* What the exercise asks *
Your copy must hold every line of the records word for word. It must hold no pictures.
***** Input data *****
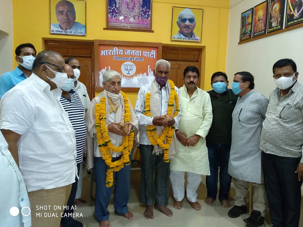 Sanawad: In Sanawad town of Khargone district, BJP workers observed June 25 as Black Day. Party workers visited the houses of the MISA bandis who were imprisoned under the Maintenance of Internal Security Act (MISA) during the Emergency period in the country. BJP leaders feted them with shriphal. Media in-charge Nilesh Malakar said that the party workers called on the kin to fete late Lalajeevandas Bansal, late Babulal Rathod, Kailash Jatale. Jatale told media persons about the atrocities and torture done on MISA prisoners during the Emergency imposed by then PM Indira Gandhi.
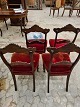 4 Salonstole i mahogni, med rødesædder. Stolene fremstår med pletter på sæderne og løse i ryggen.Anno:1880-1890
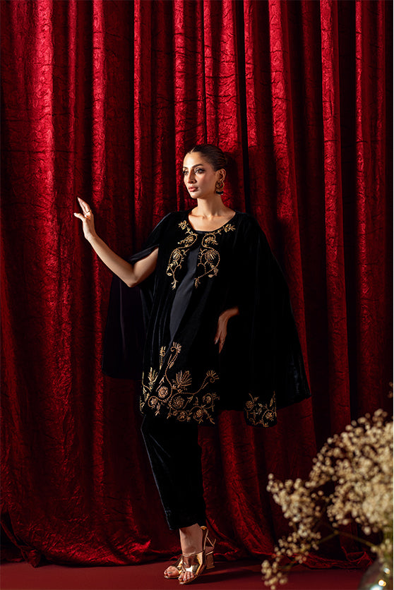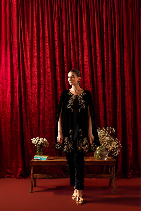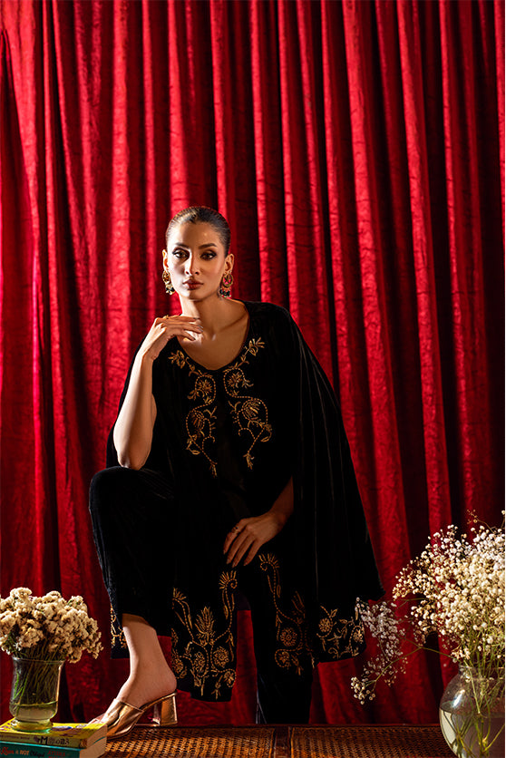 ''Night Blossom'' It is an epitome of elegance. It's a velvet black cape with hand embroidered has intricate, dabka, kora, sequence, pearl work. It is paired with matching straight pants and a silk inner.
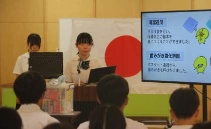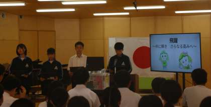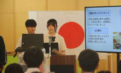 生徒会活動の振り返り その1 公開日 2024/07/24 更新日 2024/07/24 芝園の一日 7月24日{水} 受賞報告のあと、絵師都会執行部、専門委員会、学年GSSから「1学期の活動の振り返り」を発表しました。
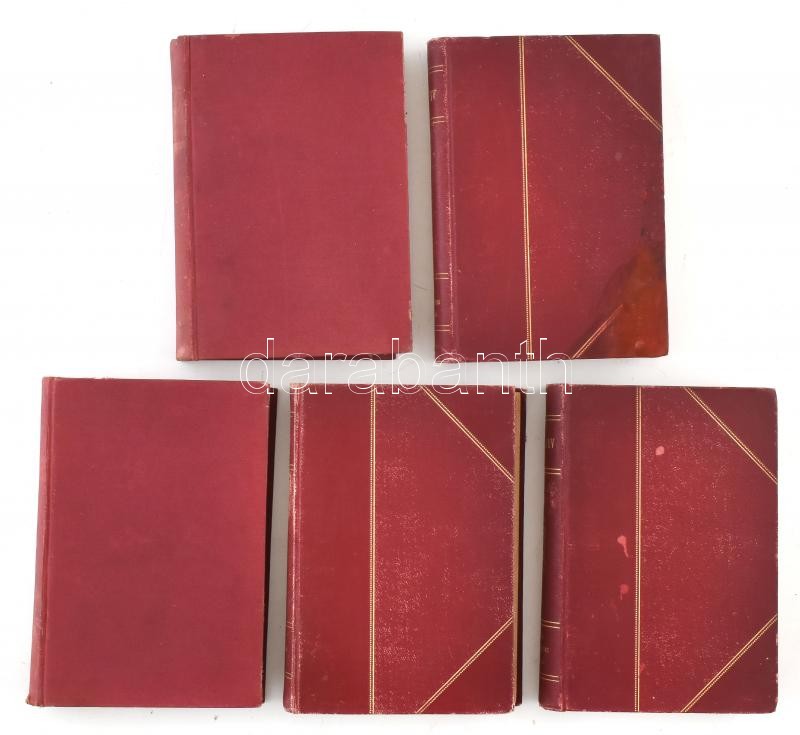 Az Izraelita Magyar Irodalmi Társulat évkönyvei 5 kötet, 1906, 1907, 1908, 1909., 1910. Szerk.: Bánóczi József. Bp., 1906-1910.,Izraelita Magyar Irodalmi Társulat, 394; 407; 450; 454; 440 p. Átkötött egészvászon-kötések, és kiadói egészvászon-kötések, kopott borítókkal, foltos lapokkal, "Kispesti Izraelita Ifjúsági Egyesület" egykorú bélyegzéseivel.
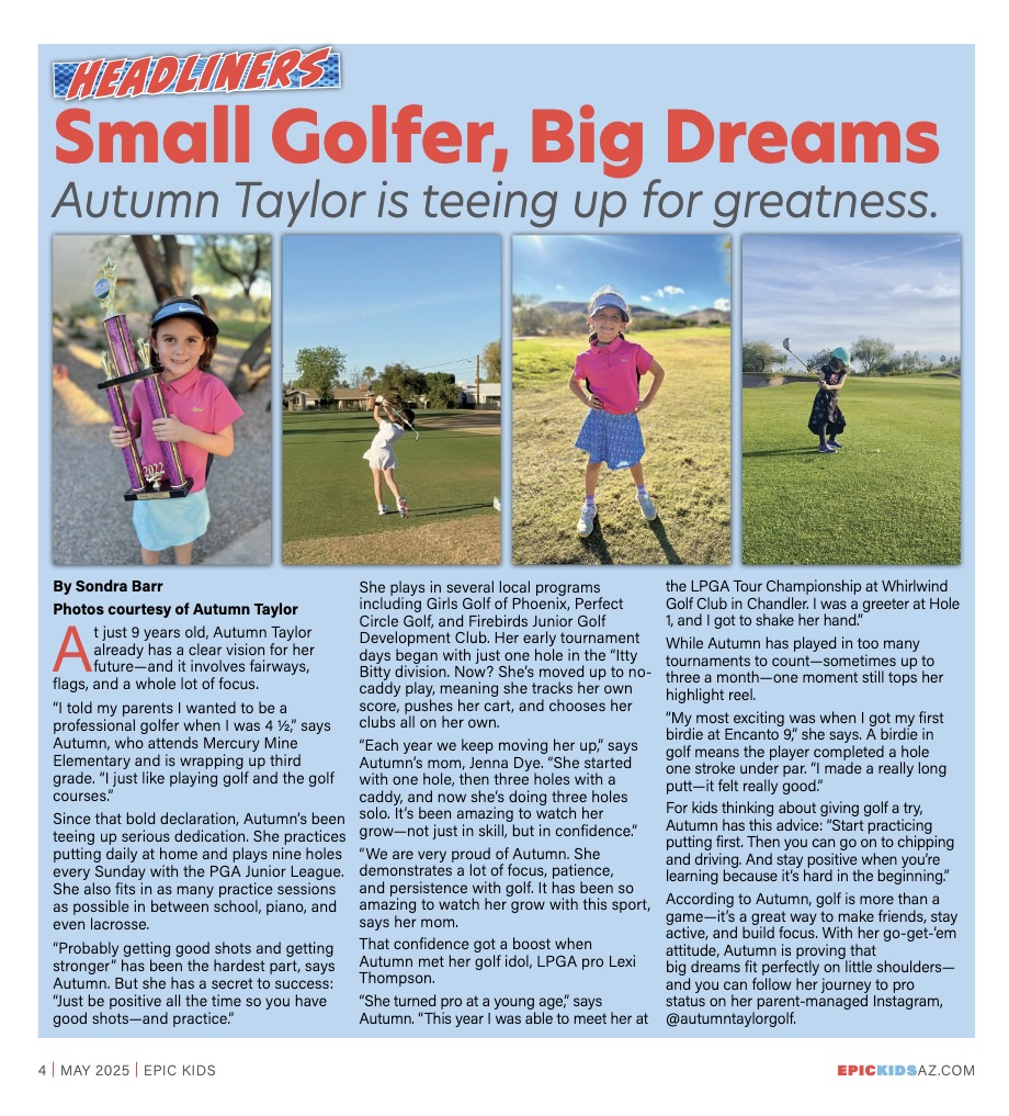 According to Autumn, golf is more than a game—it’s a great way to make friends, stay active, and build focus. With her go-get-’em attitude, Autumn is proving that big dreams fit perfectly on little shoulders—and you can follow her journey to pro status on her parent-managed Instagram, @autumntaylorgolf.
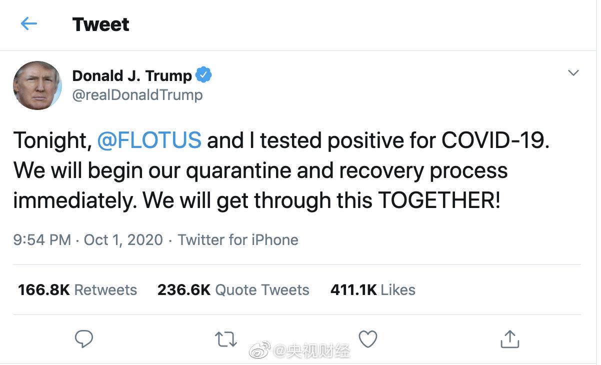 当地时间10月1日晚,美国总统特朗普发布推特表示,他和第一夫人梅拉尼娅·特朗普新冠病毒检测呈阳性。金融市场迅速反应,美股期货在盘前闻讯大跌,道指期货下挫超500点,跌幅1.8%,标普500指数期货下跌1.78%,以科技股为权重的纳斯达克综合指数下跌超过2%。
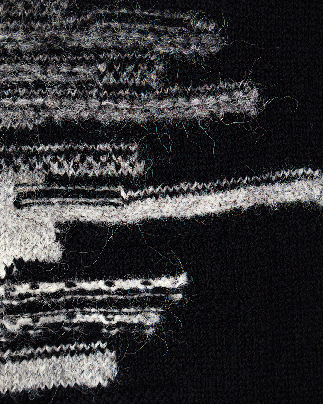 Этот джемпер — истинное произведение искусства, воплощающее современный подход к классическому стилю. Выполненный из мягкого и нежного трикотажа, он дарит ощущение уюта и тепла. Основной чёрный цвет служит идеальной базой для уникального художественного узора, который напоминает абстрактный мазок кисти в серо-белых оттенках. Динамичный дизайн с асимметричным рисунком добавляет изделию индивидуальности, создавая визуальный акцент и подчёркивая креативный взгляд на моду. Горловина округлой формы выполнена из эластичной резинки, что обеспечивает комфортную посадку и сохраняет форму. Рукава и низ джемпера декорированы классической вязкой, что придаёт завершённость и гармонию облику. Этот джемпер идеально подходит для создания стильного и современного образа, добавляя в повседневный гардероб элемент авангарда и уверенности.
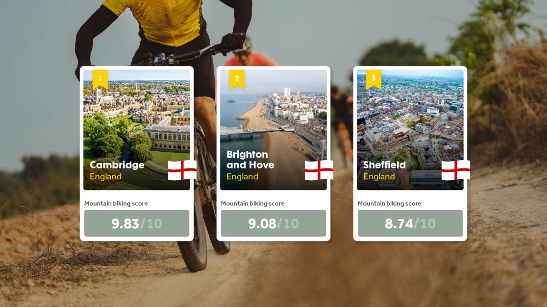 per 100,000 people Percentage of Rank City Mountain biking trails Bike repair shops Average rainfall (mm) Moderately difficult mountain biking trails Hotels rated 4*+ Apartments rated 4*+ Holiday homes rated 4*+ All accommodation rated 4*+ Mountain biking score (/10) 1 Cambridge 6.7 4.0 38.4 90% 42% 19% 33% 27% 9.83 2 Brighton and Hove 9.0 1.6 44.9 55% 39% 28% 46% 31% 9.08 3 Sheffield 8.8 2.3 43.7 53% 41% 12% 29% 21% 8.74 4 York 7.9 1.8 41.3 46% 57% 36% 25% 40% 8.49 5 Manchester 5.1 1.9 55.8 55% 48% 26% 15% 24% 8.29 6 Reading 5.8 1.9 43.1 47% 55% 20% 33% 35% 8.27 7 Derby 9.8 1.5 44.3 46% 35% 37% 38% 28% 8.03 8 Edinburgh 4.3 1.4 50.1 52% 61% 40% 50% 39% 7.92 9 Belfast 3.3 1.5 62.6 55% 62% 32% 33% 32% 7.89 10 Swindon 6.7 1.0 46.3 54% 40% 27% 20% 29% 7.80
*****
* Solution *
 Sanawad: In Sanawad town of Khargone district, BJP workers observed June 25 as Black Day. Party workers visited the houses of the MISA bandis who were imprisoned under the Maintenance of Internal Security Act (MISA) during the Emergency period in the country. BJP leaders feted them with shriphal. Media in-charge Nilesh Malakar said that the party workers called on the kin to fete late Lalajeevandas Bansal, late Babulal Rathod, Kailash Jatale. Jatale told media persons about the atrocities and torture done on MISA prisoners during the Emergency imposed by then PM Indira Gandhi.
 4 Salonstole i mahogni, med rødesædder. Stolene fremstår med pletter på sæderne og løse i ryggen.Anno:1880-1890
 ''Night Blossom'' It is an epitome of elegance. It's a velvet black cape with hand embroidered has intricate, dabka, kora, sequence, pearl work. It is paired with matching straight pants and a silk inner.
 生徒会活動の振り返り その1 公開日 2024/07/24 更新日 2024/07/24 芝園の一日 7月24日{水} 受賞報告のあと、絵師都会執行部、専門委員会、学年GSSから「1学期の活動の振り返り」を発表しました。
 Az Izraelita Magyar Irodalmi Társulat évkönyvei 5 kötet, 1906, 1907, 1908, 1909., 1910. Szerk.: Bánóczi József. Bp., 1906-1910.,Izraelita Magyar Irodalmi Társulat, 394; 407; 450; 454; 440 p. Átkötött egészvászon-kötések, és kiadói egészvászon-kötések, kopott borítókkal, foltos lapokkal, "Kispesti Izraelita Ifjúsági Egyesület" egykorú bélyegzéseivel.
 According to Autumn, golf is more than a game—it’s a great way to make friends, stay active, and build focus. With her go-get-’em attitude, Autumn is proving that big dreams fit perfectly on little shoulders—and you can follow her journey to pro status on her parent-managed Instagram, @autumntaylorgolf.
 当地时间10月1日晚,美国总统特朗普发布推特表示,他和第一夫人梅拉尼娅·特朗普新冠病毒检测呈阳性。金融市场迅速反应,美股期货在盘前闻讯大跌,道指期货下挫超500点,跌幅1.8%,标普500指数期货下跌1.78%,以科技股为权重的纳斯达克综合指数下跌超过2%。
 Этот джемпер — истинное произведение искусства, воплощающее современный подход к классическому стилю. Выполненный из мягкого и нежного трикотажа, он дарит ощущение уюта и тепла. Основной чёрный цвет служит идеальной базой для уникального художественного узора, который напоминает абстрактный мазок кисти в серо-белых оттенках. Динамичный дизайн с асимметричным рисунком добавляет изделию индивидуальности, создавая визуальный акцент и подчёркивая креативный взгляд на моду. Горловина округлой формы выполнена из эластичной резинки, что обеспечивает комфортную посадку и сохраняет форму. Рукава и низ джемпера декорированы классической вязкой, что придаёт завершённость и гармонию облику. Этот джемпер идеально подходит для создания стильного и современного образа, добавляя в повседневный гардероб элемент авангарда и уверенности.
 per 100,000 people Percentage of Rank City Mountain biking trails Bike repair shops Average rainfall (mm) Moderately difficult mountain biking trails Hotels rated 4*+ Apartments rated 4*+ Holiday homes rated 4*+ All accommodation rated 4*+ Mountain biking score (/10) 1 Cambridge 6.7 4.0 38.4 90% 42% 19% 33% 27% 9.83 2 Brighton and Hove 9.0 1.6 44.9 55% 39% 28% 46% 31% 9.08 3 Sheffield 8.8 2.3 43.7 53% 41% 12% 29% 21% 8.74 4 York 7.9 1.8 41.3 46% 57% 36% 25% 40% 8.49 5 Manchester 5.1 1.9 55.8 55% 48% 26% 15% 24% 8.29 6 Reading 5.8 1.9 43.1 47% 55% 20% 33% 35% 8.27 7 Derby 9.8 1.5 44.3 46% 35% 37% 38% 28% 8.03 8 Edinburgh 4.3 1.4 50.1 52% 61% 40% 50% 39% 7.92 9 Belfast 3.3 1.5 62.6 55% 62% 32% 33% 32% 7.89 10 Swindon 6.7 1.0 46.3 54% 40% 27% 20% 29% 7.80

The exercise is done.